The B1H system should be considered a specialized technique for studying DNA-protein interactions whereas the two-hybrid variations (B2H and Y2H) can assess both protein–protein and protein–DNA interactions. These two-hybrid systems are multi-purpose but are limited in terms of assaying only a single “prey” library. An advantage of the bacterial one-hybrid system over the yeast one-hybrid system (Y1H) lies in the higher transformation efficiency of plasmids into bacteria which allows for more complex “prey” libraries to be examined.

== Limitations ==
Despite its aforementioned advantages as a specialized tool, the B1H system does have some drawbacks. First, the B1H selection system is limited in its capacity to determine the binding specificities of transcription factors with lengthy binding sites. This arises from the fact that the number of randomized “prey” clones required to represent all possible target sequences increases exponentially with the number of nucleotides in that target sequence. Second, some eukaryotic factors may not express or fold efficiently in the bacterial system, attributed to differing regulatory networks and transcriptional machinery. Hence when working with DNA-binding proteins of eukaryotic origin, a yeast-based hybrid system may be beneficial. Third, the B1H system may not be ideally suited for transcription factors that recognize binding sites with low affinity. The logic here is that competition created by binding sites elsewhere in the bacterial genome may limit the signal that can be realized from a single binding site that is present upstream of the reporter.

== Application ==

B1H system provides a tool in our arsenal for identifying the DNA-binding specificities of transcription factors and thus predicting their target genes and genomic DNA regulatory elements. It also allows for examination of the effects of protein–protein interactions on DNA binding, which may further guide the prediction of cis regulatory modules based on binding-site clustering.
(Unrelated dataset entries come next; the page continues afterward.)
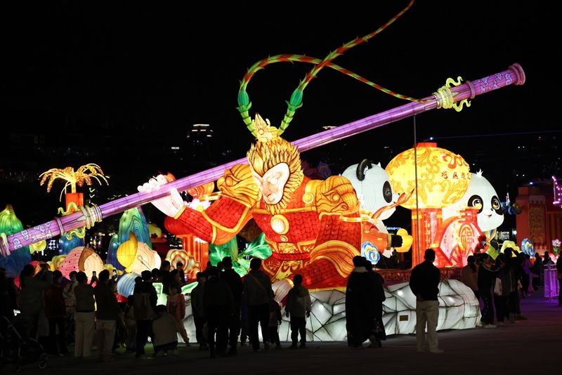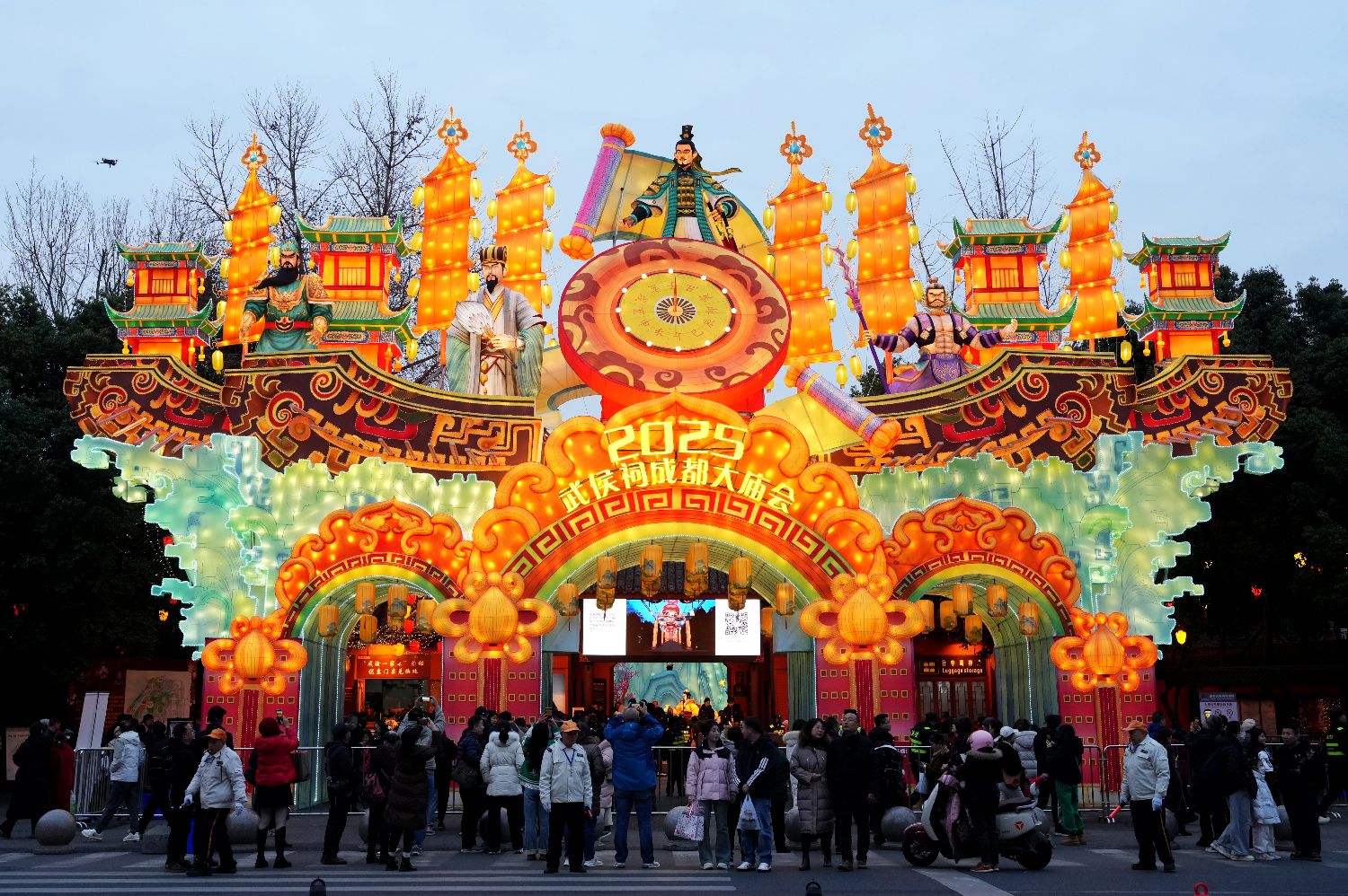 2025武侯祠成都大庙会在成都武侯祠博物馆开庙,大庙会汇集主题灯展、精品展览、文艺演出、仿古祭祀、游喜神方、创意集市等一系列具有“民俗新年景”的文旅活动,让民众欢欢喜喜过大年。图为大庙会大门灯组。(图片来源:中新社)
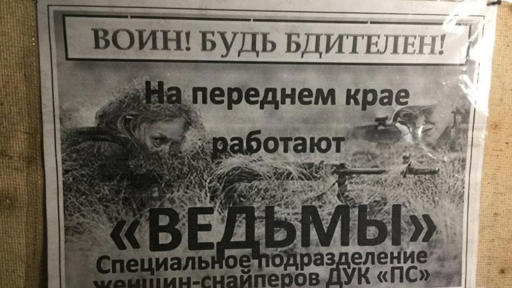 Также он добавил, что причиной потерь НВФ являются украинские снайперы и публикует листовку украинских военных, в которой бойцы ДУК «Правый сектор» напоминают НВФ о том, что «ЛДНР» противостоят украинские женщины-снайперы из подразделения «Ведьмы». Сладков пишет:
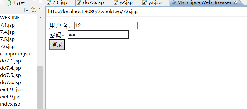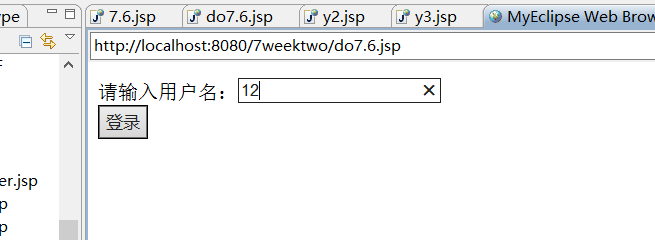<%@ page language="java" import="java.util.*" pageEncoding="utf-8"%> <html> <head> <title>My JSP 'index.jsp' starting page</title> </head> <body> <% request.setCharacterEncoding("utf-8"); String uname=request.getParameter("uname"); String upwd=request.getParameter("upwd"); %> <form name="form" action="y3.jsp" method="post"> 请输入用户名:<input type="text" name="unameTwo"><br> <input type="hidden" name="upwdTwo" value="<%=upwd%>" /> <input type="submit" value="登录" > </form> </body> </html>

Moreover, the B1H selection system has implications for the predicting regulatory roles of previously uncharacterized transcription factors.

== Specific examples ==

Using the bacterial one-hybrid system, one study has characterized 35 members of the Drosophila melanogaster segmentation network which includes representative members of all the major classes of DNA-binding domain proteins. Implications for medical research are evident from another study that used the B1H system to identify the DNA-binding specificity of a transcriptional regulator for a gene in Mycobacterium tuberculosis. The B1H system has also been used to identify an important turnover element in Escherichia coli.